Monday 20 June 2022

Hairstreaks and Peregrines 15th June 2022

On what was predicted to be one of the hottest days of the year I decided to attempt a double delight by going to look for some local Black Hairstreak butterflies and then, in the afternoon, check out a family of Peregrines, on a church just over the county border in Buckinghamshire.

Oxfordshire is fortunate in being one of only three counties that provide a home for Black Hairstreaks, the rarest and arguably the most sought after of Britain's five native hairstreaks.

Mid morning and the sun was shining brightly but a gentle breeze provided some welcome respite from the heat as I wandered along the side of a blackthorn hedge looking for any sign of a tiny butterfly, jinking amongst the topmost leaves and twigs, which is where Black Hairstreaks like to spend most of their time, imbibing honeydew from the surfaces of the leaves.

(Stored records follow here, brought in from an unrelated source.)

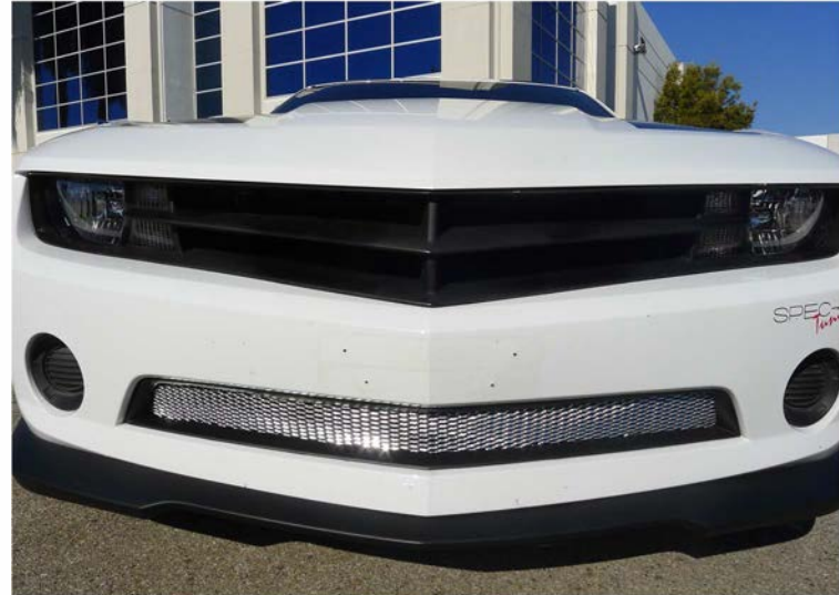
The installation now is complete
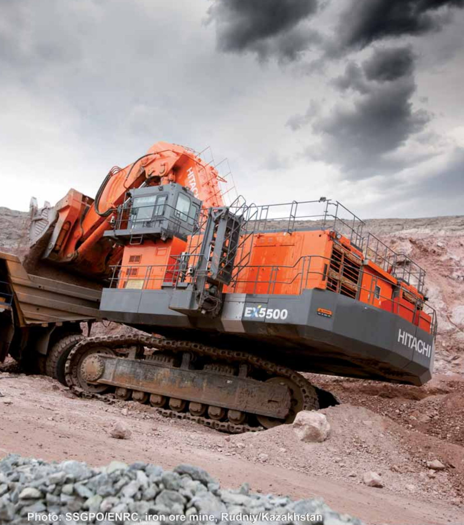
iron ore mine, Rudniy/Kazakhstan

TURKUAZ MACHINERY "MORE THAN THE MACHINE"
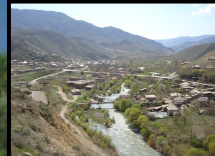
Highland Lake Sevan, 1900 m (Gegharqunik Marz/Region, RA)
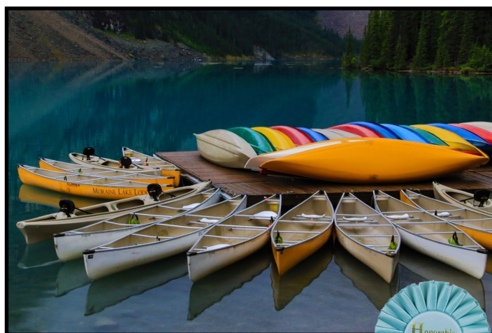
Moraine Lake Canoes 2
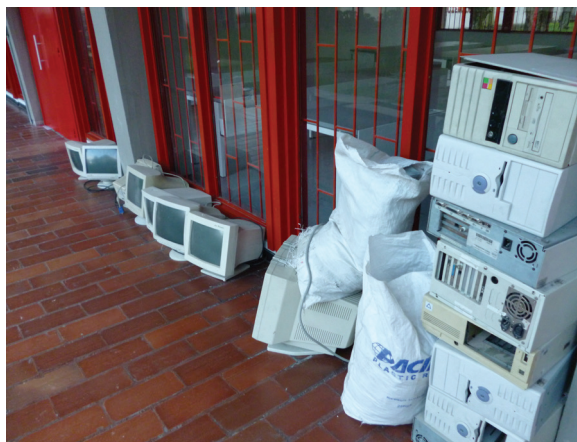
Figure 12. Univ Nacional computers

Thus far, there is no recycling of computers in Colombia (figure 12). For security reasons, used U.S. Embassy computers are destroyed and the metals, including gold in the hard-drives, are not recycled. Used computers and electronics may be passed from one agency to local schools or refurbished and resold in Bogotá and some used computers may also be resold so that the gold contained in the microprocessors may be recovered.
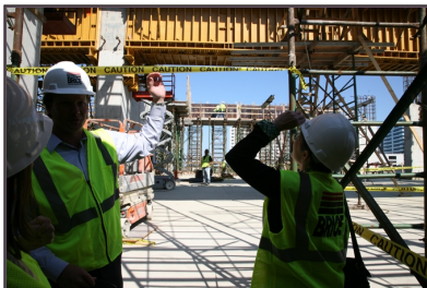
at the LCRC construction site

After an overview, the group toured the site of the new University Academic Medical Center, the New Orleans BioInnovation Center, and the new Louisiana Cancer Research Center.
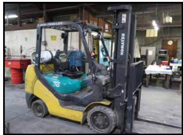
2009 Komatsu FG30SHT16 5850 Lb Cap LPG Forklift
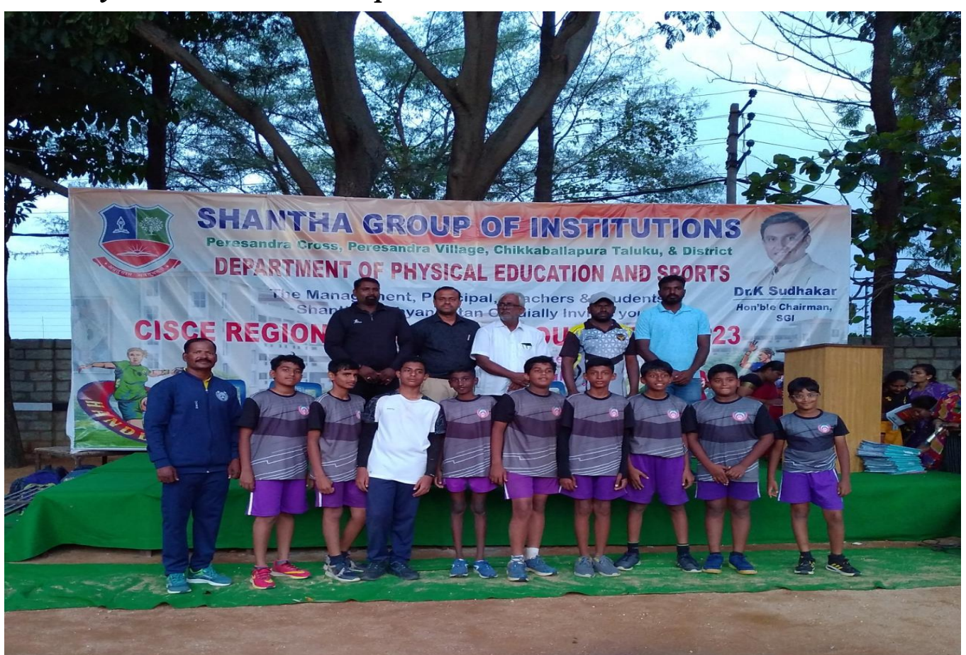
Under-14 Handball Boys Team

<sup>♣</sup> In the State level Handball Tournament, organised by Shantha Vidyaniketan Chikkaballapur, held on 7<sup>th</sup> July 2023, Our School U - 14 boys team won the First place.
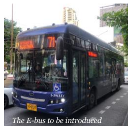
The E-bus to be introduced

the approximately 3,500 vehicles currently owned by the Bangkok Mass Rapid Transit Authority, which operates the public bus service in Bangkok, are older diesel-powered vehicles with poor fuel efficiency and high CO 2 emissions, contributing to the serious air pollution described above. ●

I  was alone in my quest and for a good length of the hedge found nothing but many bees and other insects going about their lives. About three quarters of the way along and with disappointment becoming a distinct probability I found what I was looking for. No more than a tiny black outline against the bright sunlight. one could so easily miss it, as it flitted briefly from leaf to leaf, having been disturbed by a passing insect. So small and indistinct are they, that it is always a trial to follow their erratic progress but finally it settled.

Moving my position I endeavoured to get the sun behind me and, with this achieved, I was then able  to discern the intricate patterning on its wings. It was pristine and thus presumably a newly hatched individual. For quite some time it remained, frustratingly, where it was but then was disturbed once more by another bee bumbling its way through the leaves and to my immense pleasure the butterfly flew out from the hedgetop and downwards to settle in the long summer grass, almost at my feet.

I have seen them do this before but it is not that usual. However I accepted this good fortune and determined to make the most of it. The tiny insect spent a minute or more in the grass, wandering up and down stems as if confused at where it found itself. It was not long before the inevitable happened and it made a direct flight back into the top of the blackthorn. Here it took up a more usual position, sat on a shiny and hard, narrow blackthorn leaf and here I left it.

Despite another hour wandering along the rest of the hedgerow I was not able to find another and after talking to fellow butterfly enthusiasts later, I learnt that the hairstreaks seem to be scarcer than normal this year. With our capricious weather some years are better than others for our butteefly species and it would appear that this year is not so good for Black Hairstreaks or at least in this part of Oxfordshire.We will see.

From my current pleasant rural surroundings I now took to the motorway for a few miles south to eventually turn off and drive to the picturesque town centre of Marlow which lies on the River Thames in Buckinghamshire. My destination was All Saints Church, where a pair of Peregrines and their recently fledged young are currently in residence. A chance conversation with a fellow Farmoor birder a couple of days ago had alerted me to this opportunity.

The church lies in the heart of Marlow, at the end of the busy high street just before it crosses the bridge over the river. I was convinced parking, as it is in most towns now, was going to be a problem on this sunny day with so many people out and about enjoying the sun while sitting outside the cafes and pubs lining the street.

I was therefore pleasantly surprised to find that parking on the high street was free for an hour and there were spaces available. A walk of a few hundred metres from where I parked my car was all that was required to bring me to the churchyard and looking up to the impressive spire, there was a juvenile Peregrine perched on a buttress fast asleep in the afternoon heat.

There was a gathering of mourners standing outside the church door having attended a funeral so I discreetly positioned myself by a yew, well away from them so as not to be thought insensitive. Scanning the spire with my bins I found two more juvenile Peregrines at the other end of the buttress and then much higher, perched half way up the lofty spire, one of their parents which by its size  looked to be the female. She preened and sat quietly on her perch, constantly looking up and taking an intense interest in any passing bird as if sizing up whether to give chase.

Two of the departing mourners came over to talk to me about the Peregrines, telling me this was the second or third year they had bred here and they had become quite a celebrated feature of the town.

The sleepy juvenile awoke, preened for a while, took a long lazy stretch of its wings and then proceeded to shuffle around on its perch of solid masonry, the next best thing to a proper cliff. It stretched its wings once more and then moved along to nibble at a dead pigeon that one of the parent birds had presumably brought for it.

I remained for about an hour, watching and photographing the Peregrines and then retraced my steps back into the busy throng of cars and people in the high street. Marlow seems a nice town but I was glad to leave the mass of people and head for my home in a more rural and quieter part of Oxfordshire.